MIT CISR

Confidence 0.75 · 1 source · last confirmed 2026-04-28

The MIT Center for Information Systems Research is a research center at the MIT Sloan School of Management, focused on how organizations use technology and data to compete and create value. Studies digital business models, IT investment portfolios, AI maturity, and large-enterprise transformation.

Role in the wiki

A primary research source for enterprise transformation in the digital economy — methodologically distinct from McKinsey-style consulting research (which underpins much of the AI Index adoption data). MIT CISR’s lens is stage-based maturity models rather than per-function adoption rates.
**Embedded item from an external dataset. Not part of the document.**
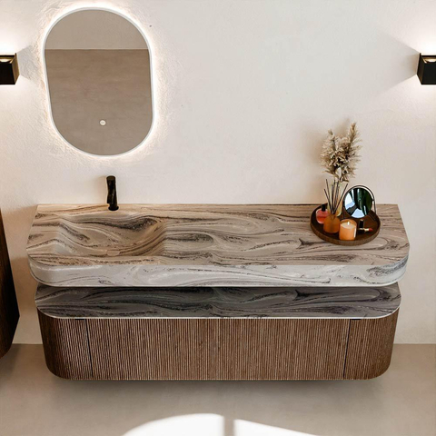 Matériaux naturels dans des tons chauds. Les cannelures verticales apportent rythme et texture au design, tandis que le chêne confère une apparence chaleureuse et artisanale. Choisissez parmi 5 teintes de bois OAK, WALNUT, DUSK, SHADOW et RUBY, des couleurs de bois soigneusement sélectionnées pour enrichir les salles de bains modernes et classiques.

Key methodological instruments mentioned in the wiki:

  • Future Ready Survey (last published wave used: 2022, N=721) — large-N quantitative input.
  • Executive interviews (e.g., 2024: 16 executives at 9 enterprises) — qualitative depth on transitions.
  • Combined into maturity scoring (0–100% Total AI Effectiveness scale, banded into stages).

Frameworks attributed to MIT CISR (in the wiki)

  • Four Stages of Enterprise AI Maturity — see MIT Sloan article and enterprise-ai-adoption.
  • Four S Framework (Strategy / Systems / Synchronization / Stewardship) — challenges to scale Stage 2 → Stage 3.

Notable people (mentioned in this wiki)

  • Stephanie Woerner — Principal research scientist at MIT Sloan, Director of MIT CISR.
  • Peter Weill — Senior research scientist at MIT Sloan, Chairman of MIT CISR.
  • Ina Sebastian — Research scientist at MIT CISR (digital partnering, value creation, value capture).
  • Evgeny Káganer — Research collaborator (also professor at IESE Business School).

Open questions

  • Funding model and member organizations of CISR (it’s typically a member-funded research center; details to fill in as more sources reference it).
  • Earlier Future Ready Survey waves (pre-2022) and how methodology has evolved.